I especially like looking at it in the morning when the sun just begins to hit the wavy petals
It spent its first few years as a mannerly 4x5' shrub, but in the last couple of years started throwing out gracefully arching 8' long canes with huge clusters of blooms.

The lovely creamy apricot color of newly opened blooms has not faded yet
Graceful or not, 8' long canes are too large :), and I have been cutting them back in half. The rose does not mind pruning at all, and I end up with a fairly small and dense shrub.

Penelope's best features are its wafting fragrance, generosity of bloom and plentiful healthy foliage.

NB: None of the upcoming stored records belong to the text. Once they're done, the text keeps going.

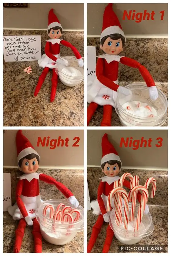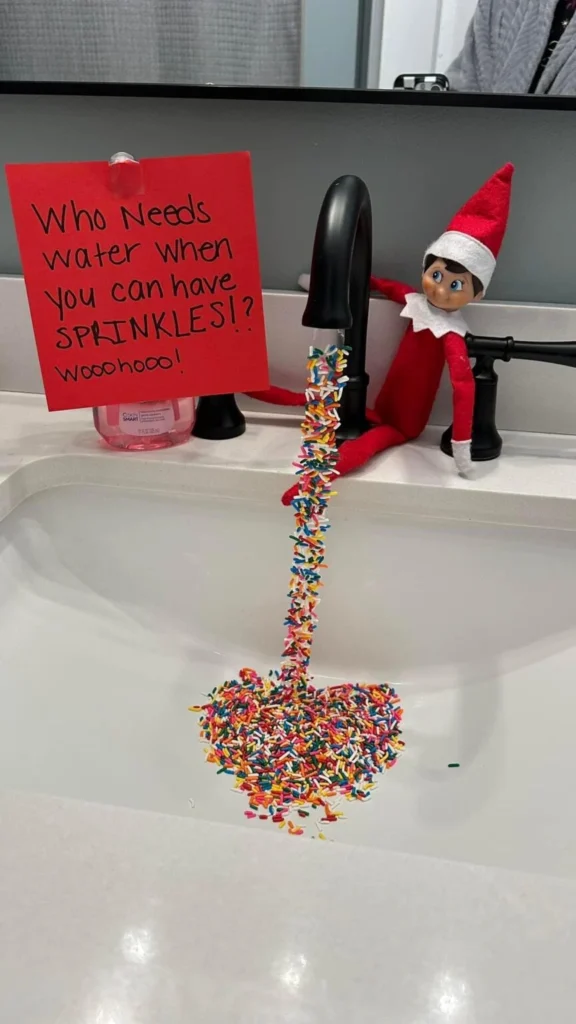 Tape a bag of sprinkles to your faucet and place your elf as if theyāve created a sprinkle āwaterfall.ā Messy but magical!
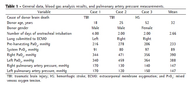 Three donor lungs were used in order to ensure the viability of the technique, and the data regarding those donors and their lungs are presented in Table 1. The cause of brain death was traumatic brain injury in two cases and hemorrhagic stroke in one case. A low PaO2/FiO2 ratio (lower than 300), as assessed by arterial blood gas analysis, was the reason why all of the lungs were considered unsuitable for transplantation, in accordance with the habitual protocol for the evaluation of donor lungs. The ages of the donors under study were 18 years, 25 years, and 52 years (mean age, 32 years). The mean time elapsed between the injection of the preservation solution and the beginning of the experiment ranged from 157 min to 201 min (mean, 184 min). The mean PaO2, as assessed by in vivo blood gas analysis, was 233.33 mmHg. The arterial blood gas analysis performed at the end of reperfusion revealed a mean PaO2 of 390.33 mmHg in the right lung and of 387.66 mmHg in the left lung. The model used in the present study allowed a stable reperfusion of the lungs and yielded reliable pulmonary artery pressure measurements throughout the reperfusion. The mean pulmonary artery pressure was 146.66 mmHg for the right and left pulmonary arteries. Mechanical ventilation was performed with a conventional anesthesia machine (Samurai Fuji Maximus SAT 500; K. Takaoka, São Paulo, Brazil). There were no mechanical ventilation-related problems, and the two lungs were uniformly ventilated when they were connected to the system.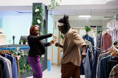 Young female friends having fun while shopping in clothing store. Pretty girl using her shoes to show funny bunny ears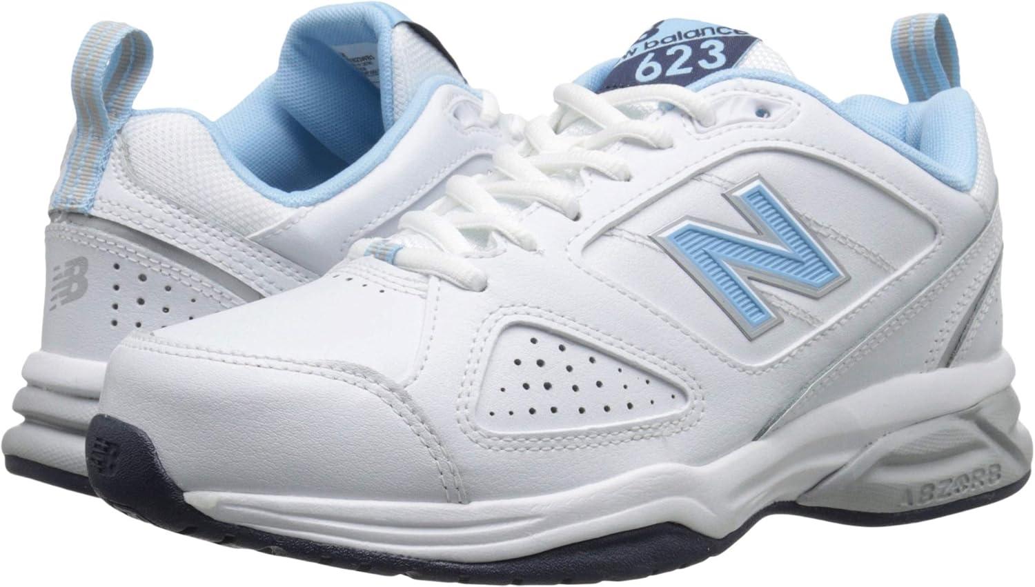 Step up to next-level comfort with the 623v3 Training Shoes from New Balance. These cushioned shoes keep active feet happy with an impressive blend of supportive technology and athletic style. ABZORB cushioning in the midsole of these comfortable training shoes keeps you moving forward by helping to prevent the discomfort and damage of daily impacts with a combination of cushioning and compression resistance. An EVA foam footbed and lightweight injection-molded EVA foam midsole provide firm yet flexible cushioning for a soft and supportive underfoot feel. Reinforced collar foam offers additional comfort that’s suitable for all-day wear. To help keep your workouts on steady ground, these trainers are constructed with an internal midsole shank designed to add midfoot structure and support with every step. Work out with confidence on indoor surfaces, thanks to the non-marking outsole on this versatile performance shoe. Or, take your show on the road knowing the water-resistant leather uppers of these trainers have you covered even when the weather isn’t cooperating. Built for style as well as substance, these New Balance training shoes stand out with an athletic-looking upper, classic New Balance branding and a secure lace-up closure.
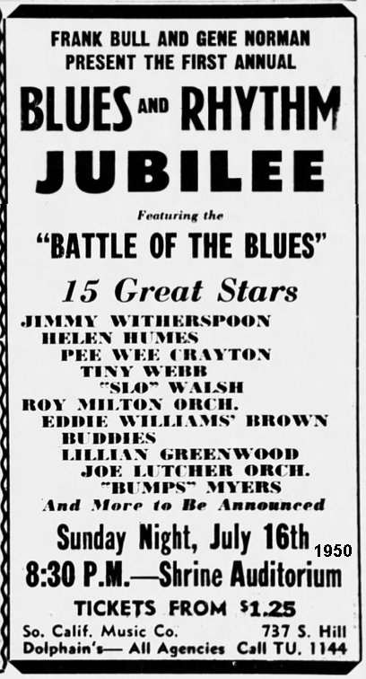 His band was usually known as the "Rhythm Aces". It included Jake Porter (trumpet), Al "Cake" Wichard (drums), Maxwell Davis (tenor sax), Marshall Royal (alto sax), Jack McVea (sax), Bumps Meyers (sax), and Lloyd Glenn (piano). NOTE: "included" doesn't mean they were all on one session. There were probably many, many others. As I've said in the past, members of a band come and go at an astonishing rate, so when I name members, consider that a snapshot at a given moment. Actually, only in May 1945 were the members of the performing Rhythm Aces ever named; members credited on labels were probably mostly studio musicians brought together for the session.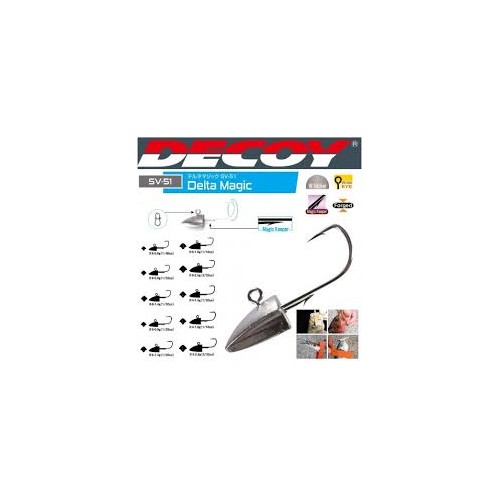 La Delta Magic SV-51 della Decoy è una testina piombata studiata appositamente per il Light Game e il rock fishing. Grazie alla particolare forma a "piramide" dona all'esca un movimento a zig-zag molto adescante. presenta inoltre un comodo fermaesca in acciaio.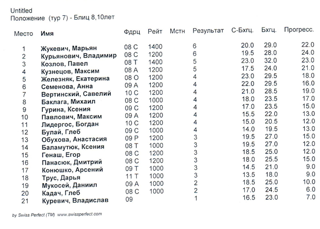 1. Жукевич Марьян (тренер Смирнов А. Б.)

I am not its only admirer, there are plenty of others
However, I treasure it most for its charming simplicity, a cool serenity in the heat of the summer and an ability to hold its own in the riot of color around it.

Sunday, July 8, 2012

Garden News

 One of my favorite perennials, campanula primulifolia, started blooming recently, so I went into the garden to take some pictures of it.

Julia Child is behind it

Besides being photogenic, it is heat-tolerant, has a fairly long bloom season, and sends up more and more flowers every year.

On the other hand, all nierembergias, which have graced my garden with a cloud of dainty blue flowers for several years now, bloomed their hearts out and died. I can't figure out why, maybe their time has come...

Rosette Delizy, a turn-of-the-century tea rose, gave me a big surprise this summer.

Rosette Delizy this spring

It is planted between two Crepuscules and a Penelope (all large roses), and I ended up with a long unbroken stretch of creamy apricot oranges, which I thought was boring.

Also from this spring

But lo and behold, it turned bright pink around the edges for the first time this summer. I have no idea what did it- maturity, temperatures, fertilizer-but I like it much better with this coloration :)

Rosette Delizy in its summer brightness. Summer perennials help enliven this space. 

My row of climbers on the side fence will have a large gap next spring. The oldest rose (Handel, a climbing floribunda) was removed recently. It was getting very old and didn't produce a new cane for years now. It has been sending up a lot of rootstock suckers, so its time has finally come. In its place will go a climbing Lorraine Lee, but it will take years to achieve its full glory. Oh well, I will miss taking glamour shots of this fence :(

This post has turned to be a bit of a hodge podge of good news and sad, but that's what makes gardening (and other things) interesting: not just successes, but setbacks too.